Table 9-1. Classification of Clinical Research Reports

Longitudinal studies
1. Prospective (cohort) studies
  1. Studies of deliberate intervention
    1. Concurrent controls
    2. Historical controls
  2. Observational studies
2. Retrospective (case-control) studies
Cross-sectional studies

Prospective studies are further divided into those in which the investigator performs a deliberate intervention and those in which the investigator merely observes. In a study of deliberate intervention, the investigator would choose several anesthetic maintenance techniques and compare the incidence of postoperative nausea and vomiting. If it were performed as an observational study, the investigator would observe a group of patients receiving anesthetics chosen at the discretion of each patient’s anesthesiologist and compare the incidence of postoperative nausea and vomiting (PONV) among the anesthetics used. Obviously, in this example of an observational study, there has been an intervention; an anesthetic has been given. The crucial distinction is whether the investigator controlled the intervention. An observational study may reveal differences among treatment groups, but whether such differences are the consequence of the treatments or of other differences among the patients receiving the treatments will remain obscure.

Studies of deliberate intervention are further subdivided into those with concurrent controls and those with historical controls. Concurrent controls are either a simultaneous parallel control group or a self-control study; historical controls include previous studies and literature reports.

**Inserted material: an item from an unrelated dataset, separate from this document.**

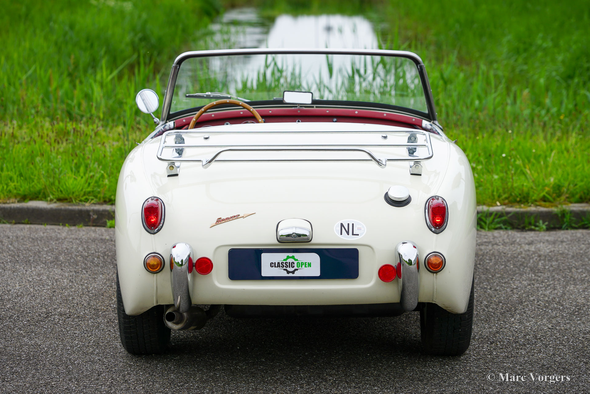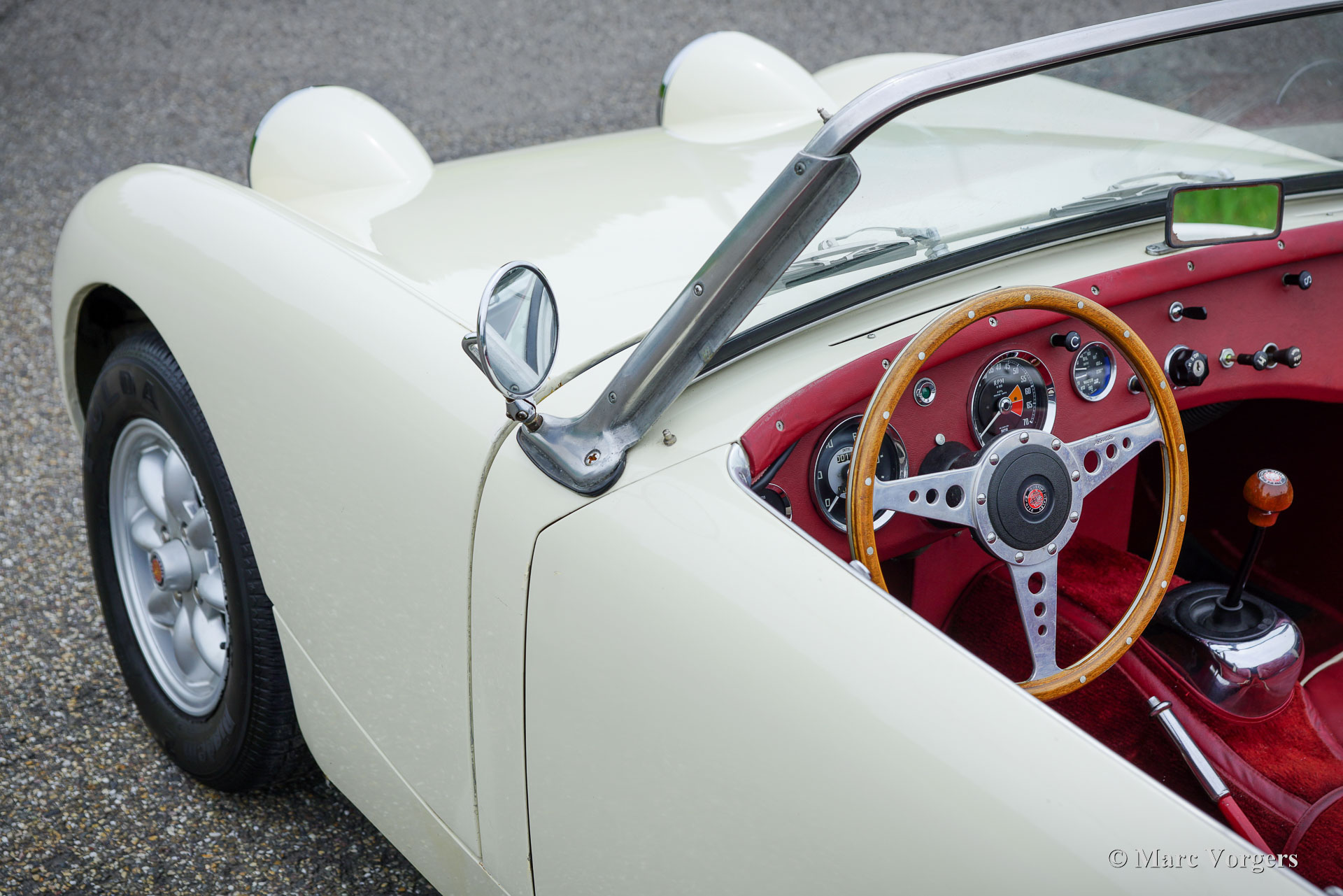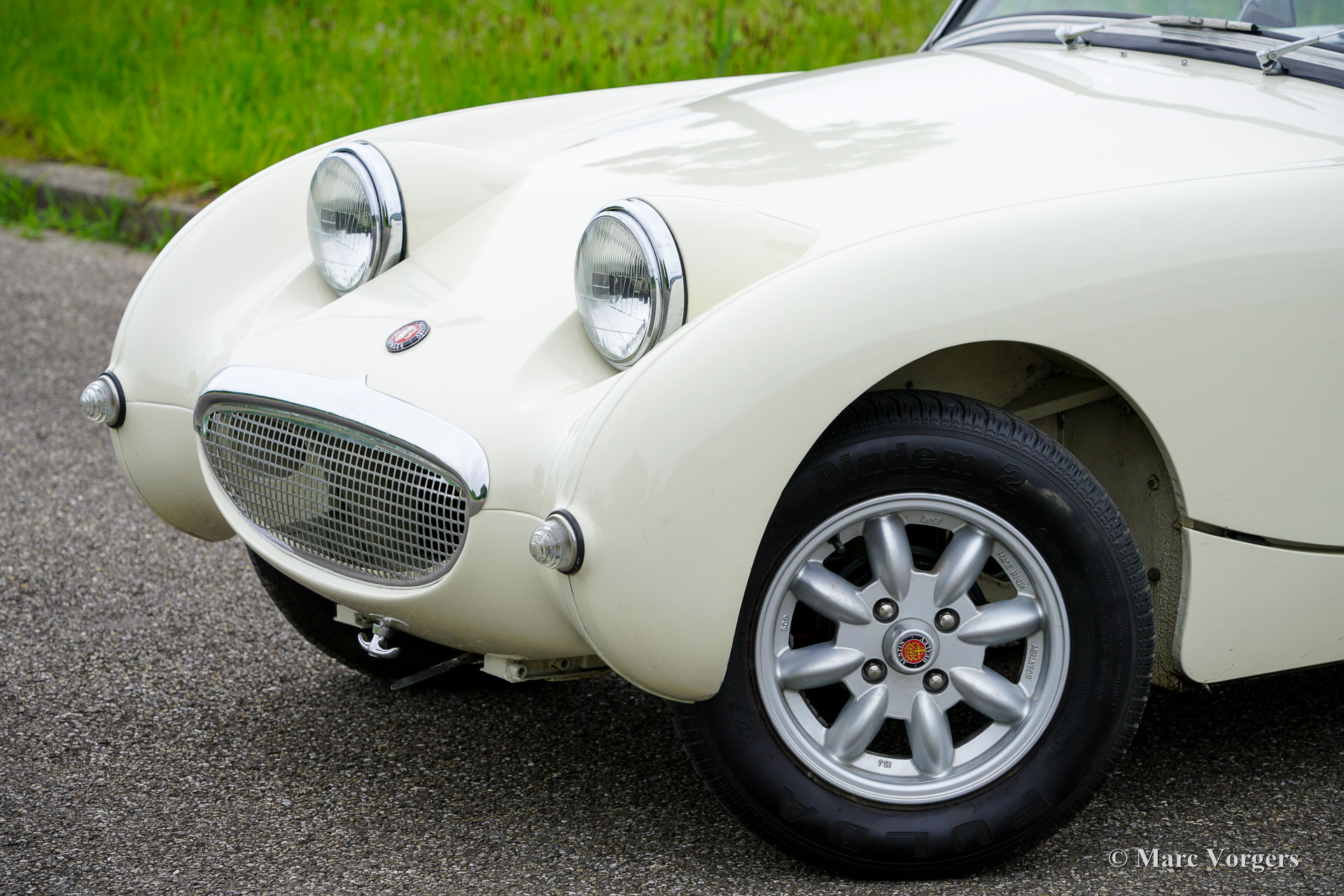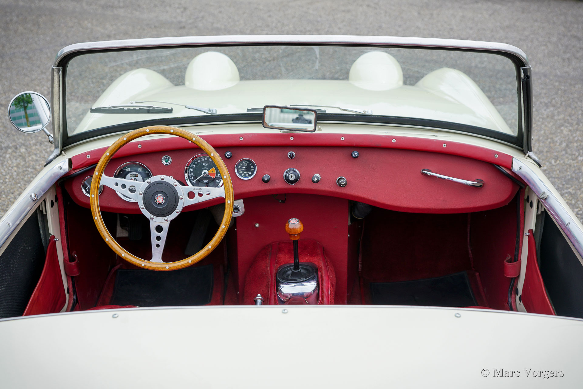 Austin Healey Sprite MK 1, année 1958. Couleur blanc crème (Old English White) combinée à un intérieur en cuir rouge garni de passepoil blanc et de tapis rouge. La voiture est livrée avec une capote noire et un toit rigide d'origine. Il s’agit d’un très désirable MK 1 Austin Healey Sprite qui est généralement surnommé « Frog Eye » ou « Bug Eye » en Angleterre/ Etats Unis. Ces petites voitures de sport britanniques spartiates et sportives sont un plaisir à conduire et à voir avec elles, les spectateurs lèvent le pouce et de nombreux passants expriment leur adoration pour la voiture. Vous et votre copilote roulerez avec un grand sourire jusqu'aux oreilles. Cette Austin Healey Sprite est en bon état et la voiture roule à merveille. Le moteur d'origine de 948 cm3 fut remplacé par un moteur plus puissant de 1 098 cm3. Le moteur respire à travers deux S.U. carburateurs, un alternateur fut installé et le système électrique fut modifié de la masse positive à la masse négative. De plus, la voiture est équipée d'un volant sport avec jante en bois et de belles jantes en alliage de 13 pouces de style Minilite chaussées de pneus Fulda 155/70 R13. Le coffre de la voiture est accessible depuis derrière les sièges, le « Frog Eye » ne comporte pas de couvercle de coffre ordinaire. L'Austin Healey Sprite MK 1 est un classique très populaire, ce charmant « Frog Eye » attend de plaire à un fier nouveau propriétaire !
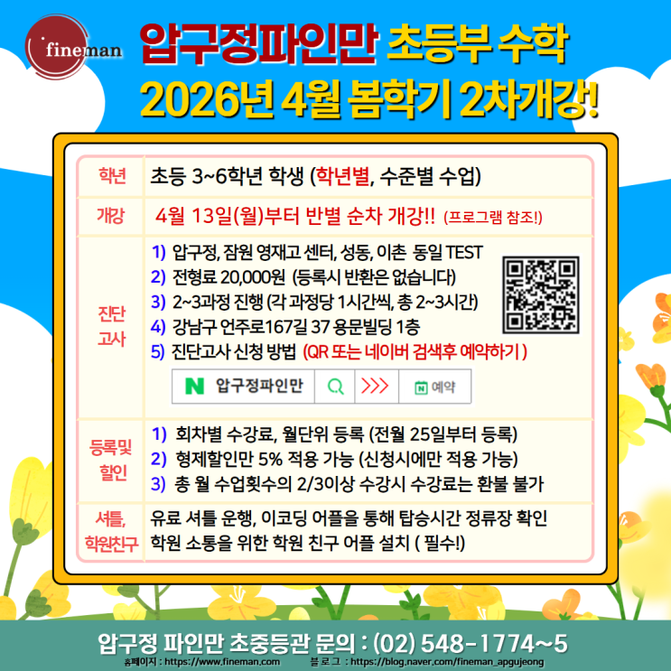 정신없던 신학기도 지나고 새로운 학년, 새로운 학급에도 적응해가는 시기입니다. 압구정파인만 학원은 초등부 학생들을 위한 봄학기 정규 수학 프로그램을 4월 13일(월)부터 2차 개강합니다. 이제부터 새로운 마음으로 수학학습에 집중하고자 하는 학생들에게 가장 효과적이고 체계적인 학습을 통해 심화와 수학 과정별 성취도를 동시에 잡을 수 있도록 구성되어 있는 프로그램입니다. ◆ 압구정파인만 초등부 수학 프로그램 소개 Fineman Care System ■ 풀이노트 √ 학원 내 매뉴얼에 따라 체계적으로 풀이노트 관리 √ 풀이 첨삭이 가능한 자체교재 √ 풀이노트 우수자 파인만 굿즈 포인트 지급 ■ 학원 친구 (Fine Diary) √ 수업 후 학습단....... <img src="https://blogthumb.pstatic.net/MjAyNjA0MDFfMjM3/MDAxNzc1MDIwOTk1MDE2.BxC8668Uh4PkRJzP19xCR32lasZUnl6Gbzd0w3B997kg.RXUrcnHAnIh2mpDPxqDhIGehlbz0n1hXg0vdY6M5s4Qg.PNG/%C3%CA%B5%EE_4%BF%F9_%B0%B3%B0%AD.png?type=s3" />

A randomized controlled trial (RCT) is thus a longitudinal, prospective study of deliberate intervention with concurrent controls.

Although most of this discussion about experimental design has focused on human experimentation, the same principles apply and should be followed in animal experimentation. The randomized, controlled clinical trial is the most potent scientific tool for evaluating medical treatment; randomization into treatment groups is relied on to equally weight the subjects of the treatment groups for baseline attributes that might predispose or protect the subjects from the outcome of interest.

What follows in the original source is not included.